*** Given entries ***

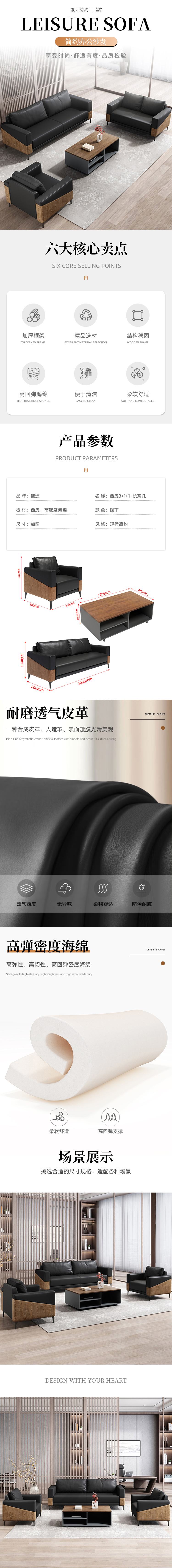 臻远ZYJJ-80229 简约办公沙发接待沙发休闲沙发组合 西皮3+1+1+长茶几
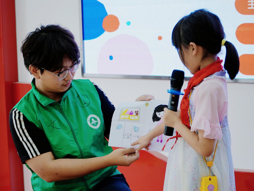 6月27日,活动以“心向朝阳•书启旅航”心理读书会的形式展开。活动从动画短片导入,引发孩子们对代际沟通的思考。随后,师生们带领孩子们共同阅读并探讨书籍《心语漂流瓶》,通过案例帮助孩子们理解不同情绪、学会交流沟通与接纳尊重。在深度讨论和“心灵便利贴”环节,孩子们学习了正确的家庭沟通技巧,并勇敢表达自己的想法。读书会成为孩子们倾诉心声、向家人表达情感的平台,为构建和谐家庭沟通提供了有力支持。
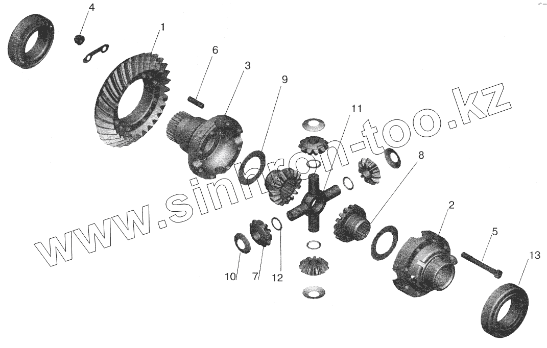 Каталог запасных частей к технике: МАЗ-5551 (2003). Редуктор среднего моста. Дифференциал
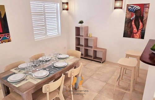 Encantadora villa gemela, de puro estilo caribeño, equipada con dos dormitorios, un sofá cama, dos baños. Ubicado en un entorno verde con entrada y estacionamiento privados, todo integrado en una residencia de 16 villas casi idénticas.
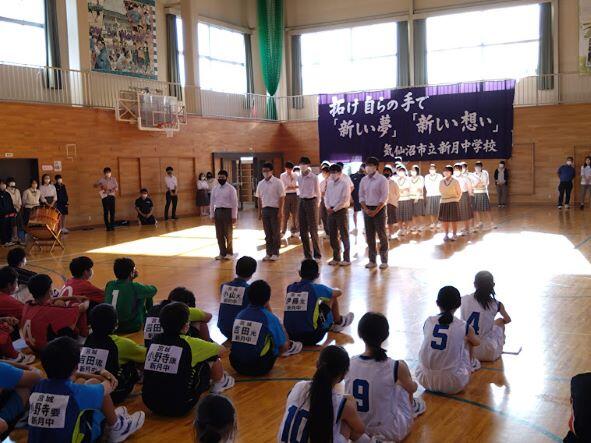 5月25日(木)地区中総体に出場する運動部を全校生徒で応援する壮行式が行われました。各部の選手紹介では,一人一人大きな声での返事と,応援団の元気のいいエールが印象的な,とても立派な壮行式となりました。大会当日は,自分の実力を最大限に引き出し,チームのため,そしてこれまで応援してくれた全ての人達のために,新月中の看板を背負って頑張ってきてほしいと思います。
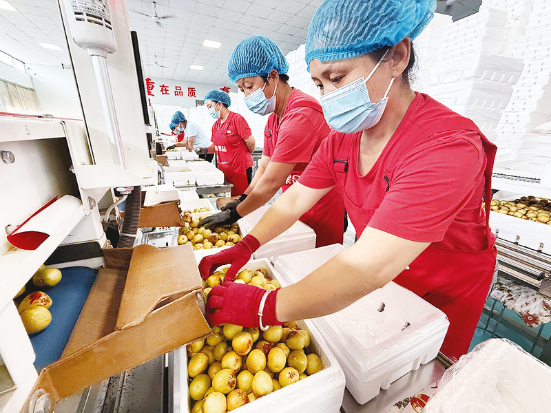 7月7日,大荔县一家果品专业合作社内一片繁忙景象,国内首条冬枣测糖分选线正在有条不紊地运作着。
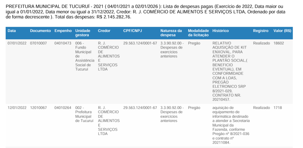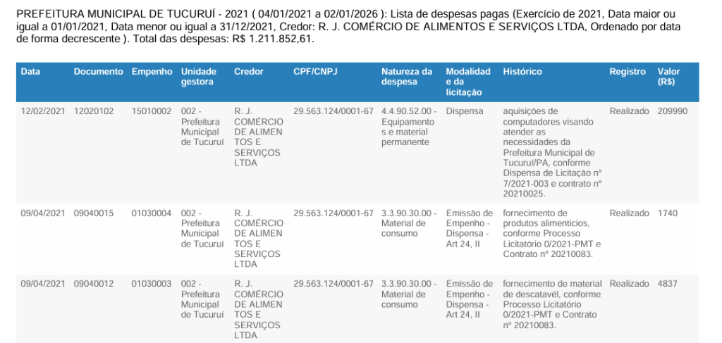 - 2021: R$ 1.211.852,61 pagos à RJ Comércio TC MPPA 4

*** End of Given entries ***

▶ [Work task]:
Exact reproduction of the entries above is required, with pictures excluded.

▶ [Solution to the problem]:
 臻远ZYJJ-80229 简约办公沙发接待沙发休闲沙发组合 西皮3+1+1+长茶几
 6月27日,活动以“心向朝阳•书启旅航”心理读书会的形式展开。活动从动画短片导入,引发孩子们对代际沟通的思考。随后,师生们带领孩子们共同阅读并探讨书籍《心语漂流瓶》,通过案例帮助孩子们理解不同情绪、学会交流沟通与接纳尊重。在深度讨论和“心灵便利贴”环节,孩子们学习了正确的家庭沟通技巧,并勇敢表达自己的想法。读书会成为孩子们倾诉心声、向家人表达情感的平台,为构建和谐家庭沟通提供了有力支持。
 Каталог запасных частей к технике: МАЗ-5551 (2003). Редуктор среднего моста. Дифференциал
 Encantadora villa gemela, de puro estilo caribeño, equipada con dos dormitorios, un sofá cama, dos baños. Ubicado en un entorno verde con entrada y estacionamiento privados, todo integrado en una residencia de 16 villas casi idénticas.
 5月25日(木)地区中総体に出場する運動部を全校生徒で応援する壮行式が行われました。各部の選手紹介では,一人一人大きな声での返事と,応援団の元気のいいエールが印象的な,とても立派な壮行式となりました。大会当日は,自分の実力を最大限に引き出し,チームのため,そしてこれまで応援してくれた全ての人達のために,新月中の看板を背負って頑張ってきてほしいと思います。
 7月7日,大荔县一家果品专业合作社内一片繁忙景象,国内首条冬枣测糖分选线正在有条不紊地运作着。
 - 2021: R$ 1.211.852,61 pagos à RJ Comércio TC MPPA 4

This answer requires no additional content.